Two empty reclining chairs on a glowing white pedestal.
So, I might have PTSD. My instant reaction to the sight was for my heart to stop for a few beats, then invent a new dance trying to catch up with the time it has missed.
Sally reached for my hand. I gripped her tight. Somehow, she had become my rock in all this. Grounding me when I got charged.
“I’m out,” said Blayde, taking the words right from my mouth. “You can’t possibly think we’re that gullible.”
“I just repurposed the tech. Veesh,” said Nimien. “You can’t possibly still be sour about that.”
Sour? Please. We’d passed sour and entered the realm of flavor profiles the human tongue couldn’t process.
“You trapped us in our own minds, Nimien!” I spat. “How could we possibly not be over that?”
“He did what?” said James. “Dang. It would take me like, seven books to catch up with all your shit.”
“Maybe ten,” muttered Sally.
“The device folds your conscious mind into your subconscious, and that’s it,” he continued, climbing up on the platform and gesturing like a car model. I wasn’t buying it. “Technically, you will be experiencing an incredibly vivid lucid dream.”

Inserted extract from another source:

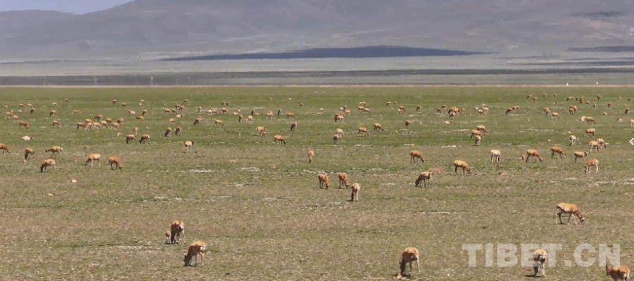 西藏那曲市申扎县境内栖息的藏羚羊群 申扎县融媒体中心供图

“Except last time, we couldn’t wake up from that dream, now could we?”
I couldn’t believe him. No, I couldn’t believe myself. If this was a trap, it was a genius one right to his caliber—and I had fallen right into it. Like a carnivorous flower, this labyrinth had been made appealing to its prey: the promise of my history, my very self, sitting all perfect in the middle, drawing me in until it snapped closed behind me.
Yet if there was a simple, single chance there really was a way to get my memories back, then I should take it, shouldn’t I? Reverse the lobotomy, regain my autonomy. To be able to jump anywhere, anytime, as freely as Sally—
Oh, how I envied her.
“Screw it. If it means defeating the Dread, I need to at least try to get myself back. I’ll go first,” said Blayde. “Zander, if he tries anything...”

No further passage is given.